━━━ Supplied data ━━━

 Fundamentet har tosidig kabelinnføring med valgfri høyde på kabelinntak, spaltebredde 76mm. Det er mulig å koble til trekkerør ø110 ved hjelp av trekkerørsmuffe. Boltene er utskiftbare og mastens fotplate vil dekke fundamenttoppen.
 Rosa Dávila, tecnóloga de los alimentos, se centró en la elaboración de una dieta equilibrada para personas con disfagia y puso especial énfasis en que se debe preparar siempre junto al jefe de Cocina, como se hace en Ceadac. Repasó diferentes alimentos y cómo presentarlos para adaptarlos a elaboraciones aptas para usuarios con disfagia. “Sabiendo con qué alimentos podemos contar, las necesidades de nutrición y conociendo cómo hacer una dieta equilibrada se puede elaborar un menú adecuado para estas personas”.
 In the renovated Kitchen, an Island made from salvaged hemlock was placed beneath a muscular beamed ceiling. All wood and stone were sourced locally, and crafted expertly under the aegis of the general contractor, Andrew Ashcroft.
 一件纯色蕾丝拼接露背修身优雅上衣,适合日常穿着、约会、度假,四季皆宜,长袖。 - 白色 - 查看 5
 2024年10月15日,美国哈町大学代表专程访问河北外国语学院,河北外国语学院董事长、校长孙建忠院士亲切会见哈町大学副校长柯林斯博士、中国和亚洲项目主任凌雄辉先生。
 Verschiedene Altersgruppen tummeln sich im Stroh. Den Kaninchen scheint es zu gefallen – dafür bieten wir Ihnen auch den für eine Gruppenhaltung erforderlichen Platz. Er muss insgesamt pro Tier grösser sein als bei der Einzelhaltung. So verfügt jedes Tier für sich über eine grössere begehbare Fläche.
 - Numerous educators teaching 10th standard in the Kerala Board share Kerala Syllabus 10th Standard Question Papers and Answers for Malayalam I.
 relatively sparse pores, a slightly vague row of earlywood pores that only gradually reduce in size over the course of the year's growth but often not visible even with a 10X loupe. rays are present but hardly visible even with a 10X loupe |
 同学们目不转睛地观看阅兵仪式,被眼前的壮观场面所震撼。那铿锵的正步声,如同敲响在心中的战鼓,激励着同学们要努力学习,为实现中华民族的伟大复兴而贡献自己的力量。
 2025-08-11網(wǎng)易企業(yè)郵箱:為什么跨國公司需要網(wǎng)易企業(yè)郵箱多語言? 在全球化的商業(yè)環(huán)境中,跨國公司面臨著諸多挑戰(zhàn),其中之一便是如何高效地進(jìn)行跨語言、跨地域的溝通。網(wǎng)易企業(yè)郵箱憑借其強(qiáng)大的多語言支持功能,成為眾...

━━━

### [Work order]
Lines from the one holding "一件纯色蕾丝拼接露背修身优雅上衣,适合日常穿着、约会、度假,四季皆宜,长袖。 - 白色" to the last line of the records: return these exactly, and only these.

### [Task answer]
 一件纯色蕾丝拼接露背修身优雅上衣,适合日常穿着、约会、度假,四季皆宜,长袖。 - 白色 - 查看 5
 2024年10月15日,美国哈町大学代表专程访问河北外国语学院,河北外国语学院董事长、校长孙建忠院士亲切会见哈町大学副校长柯林斯博士、中国和亚洲项目主任凌雄辉先生。
 Verschiedene Altersgruppen tummeln sich im Stroh. Den Kaninchen scheint es zu gefallen – dafür bieten wir Ihnen auch den für eine Gruppenhaltung erforderlichen Platz. Er muss insgesamt pro Tier grösser sein als bei der Einzelhaltung. So verfügt jedes Tier für sich über eine grössere begehbare Fläche.
 - Numerous educators teaching 10th standard in the Kerala Board share Kerala Syllabus 10th Standard Question Papers and Answers for Malayalam I.
 relatively sparse pores, a slightly vague row of earlywood pores that only gradually reduce in size over the course of the year's growth but often not visible even with a 10X loupe. rays are present but hardly visible even with a 10X loupe |
 同学们目不转睛地观看阅兵仪式,被眼前的壮观场面所震撼。那铿锵的正步声,如同敲响在心中的战鼓,激励着同学们要努力学习,为实现中华民族的伟大复兴而贡献自己的力量。
 2025-08-11網(wǎng)易企業(yè)郵箱:為什么跨國公司需要網(wǎng)易企業(yè)郵箱多語言? 在全球化的商業(yè)環(huán)境中,跨國公司面臨著諸多挑戰(zhàn),其中之一便是如何高效地進(jìn)行跨語言、跨地域的溝通。網(wǎng)易企業(yè)郵箱憑借其強(qiáng)大的多語言支持功能,成為眾...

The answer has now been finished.